How did science get started? A few years back, we looked at one answer to that question in the form of a book called The Invention of Science. In it, British historian David Wootton places the origin within a few centuries of European history in which the features of modern science—experiments, models and laws, peer review—were gradually aggregated into a formal process of organized discovery.
But that answer is exquisitely sensitive to how science is defined. A huge range of cultures engaged in organized observations of the natural world and tried to identify patterns in what they saw. In a recent book called Horizons, James Poskett places these efforts firmly within the realm of science and arrives at his subtitle: “The global origins of modern science.” He de-emphasizes the role of Europe and directly dismisses Wootton’s book via footnote in the process.
Whether you find Poskett’s broad definition of science compelling will go a long way to explain how you feel about the first third of the book. The remaining two-thirds, however, are a welcome reminder that, wherever it may have started, science quickly grew into an international effort and matured in conversation with international cultural trends like colonialism, nationalism, and Cold War ideologies.
Poskett waits all of one paragraph before declaring it a “myth” that science’s origin involved figures like Copernicus and Galileo. Instead, he places it not so much elsewhere as nearly everywhere—in astronomical observatories along the Silk Road and in Arabic countries, in catalogs of Western Hemisphere plants by the Aztecs, and in other efforts that were made to record what people had seen of the natural world.
Some of those efforts, as Poskett makes clear, required the organized production of information that we see in modern science. Early astronomical observatories boosted accuracy by constructing enormous buildings structured to enable the measurement of the position of heavenly bodies—hugely expensive projects that often required some form of royal patronage. Records were kept over time and were disseminated to other countries and cultures, another commonality with modern science. Some of this activity dates back all the way to Babylon.

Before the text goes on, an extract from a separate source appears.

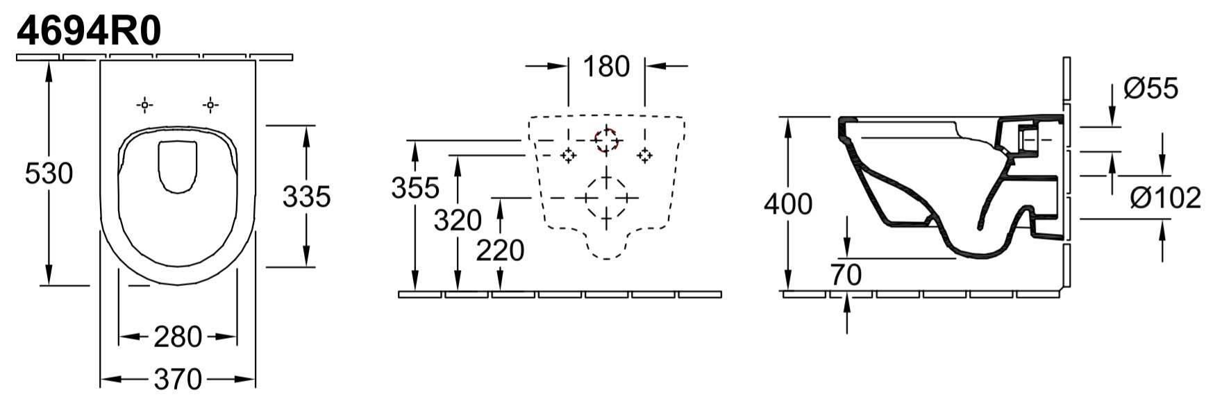 - Avec fixation murale, pieds pour charge lourde et matériel de fixation inclus, avec capuchon de protection pour la conduite d'eau de rinçage, 2 boulons de retenue M12 pour WC, réglables entre 180 et 230 mm avec capuchon de protection et écrous, instruction de montage, sans plaque de déclenchement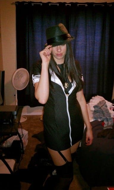 Belle femme avec de jolies formes, lingerie très sexy et très pratique surtout !

Yet all this information production is still missing some things that are commonly seen as central to science. Astronomers in many countries figured out ways of calculating the patterns in the movements of planets and timing of eclipses. But there’s little indication that any of them recognized that those patterns reflected a small number of underlying principles or that their predictions could be improved by creating a mental picture of what was happening in the heavens. Without things like models and laws to pair with the observations they explain, can we really call this science?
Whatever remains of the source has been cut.